MS: Challenging. (LAUGHS) It first started for me in the casting process. I wasn’t doing it consciously, but I realized in the middle of the process that I was picking people who I would consider old souls. Sometimes, I’d be down to two or three people for the same role, and I realized someone didn’t have an old soul, and that’s why I wasn’t pulling the trigger. So, I think that’s the commonality between all the actors and actresses. And then, just on a technical level, I never had all the actors together at the same time because of the way the production was scheduled. So, I wrote letters to everyone in advance of filming, and I asked them to read the entire script, not just for the narrative, but for the A character as if you were playing A in every scene. Even if you’re on five pages, read all of it so that you understand everything that happens before your character comes into the story and where A is going in the story. And the actors said that really helped out.As gay kids, did you ever have a movie or book that resonated with you the way this is resonating with queer kids?

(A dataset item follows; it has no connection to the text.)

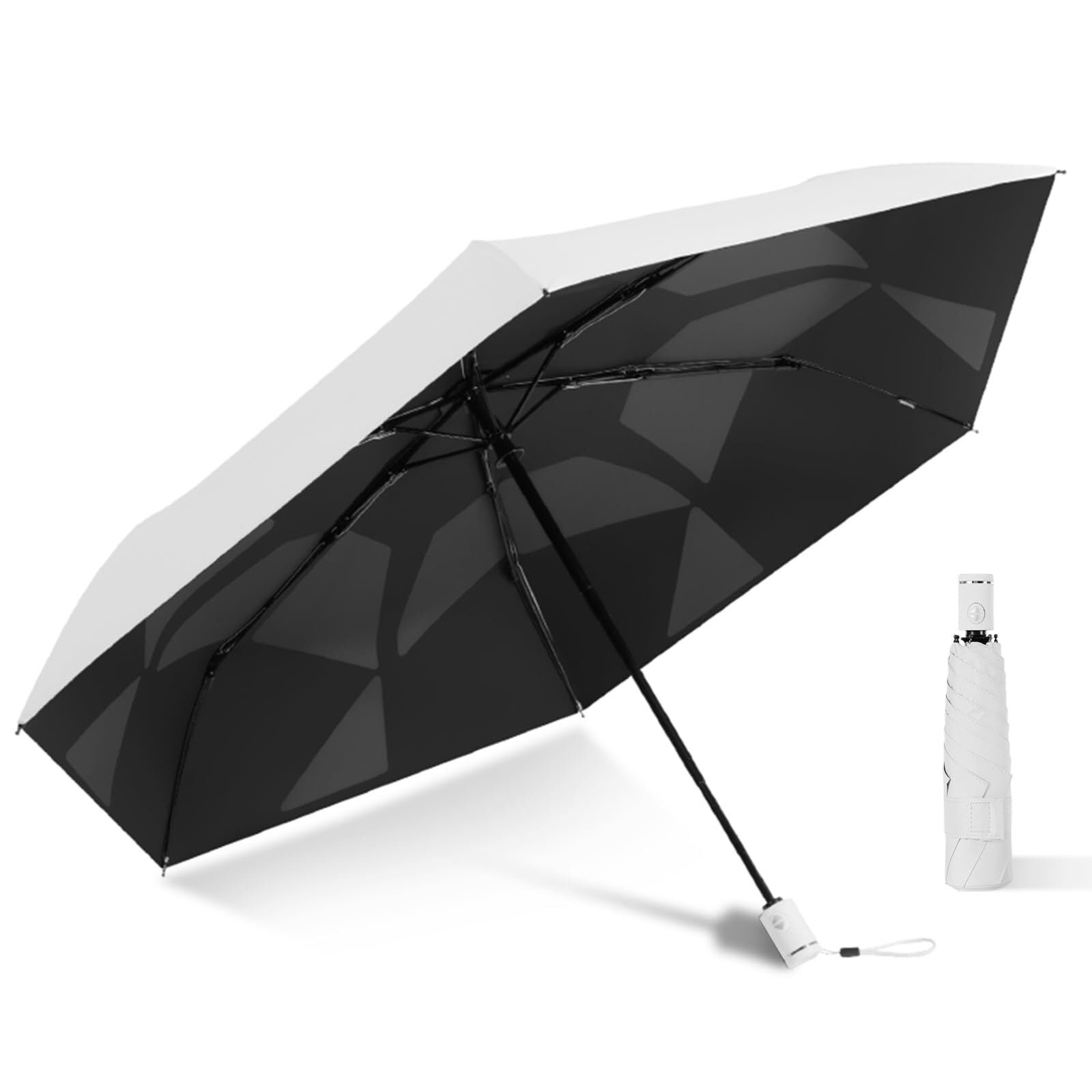 【紫外線対策・遮光遮熱】UPF50+の高い紫外線防止効果を誇り、99.9%の紫外線をシャットアウトします。高密度の傘布と日焼け止めの黒のポリウレタンコーティング加工を組み合わせた、日焼けを防ぐために必要なUVカットの性能を兼ね揃えた、紫外線対策にはピッタリのアイテムとなっています。これにより、真夏でも外出も涼しく快適に過ごせます。この折り畳み傘は夏の必需品で、日差しを気にせず、心地よい時間をお楽しみください!

DL: That’s a very good question. For me, movie wise, my honest answer, even though he’s allegedly not queer, it all goes back to Duckie in Pretty in Pink for me. That was a character that I related to and thought of. I know he’s allegedly not queer, but in my head, he was. Until Ricky in My So-Called Life came along and showed me a real gay character who had real gay thoughts and was really sweet and really human, I sort of held on to Duckie.

MS: It’s such a great question, and I don’t have an immediate answer to that. I have to kind of dig back in. I mean, I definitely grew up in a time when this wasn’t something shown onscreen. And there weren’t role models. I mean, I would have a crush on Jake from Sixteen Candles. But that’s not the same thing as gay role models.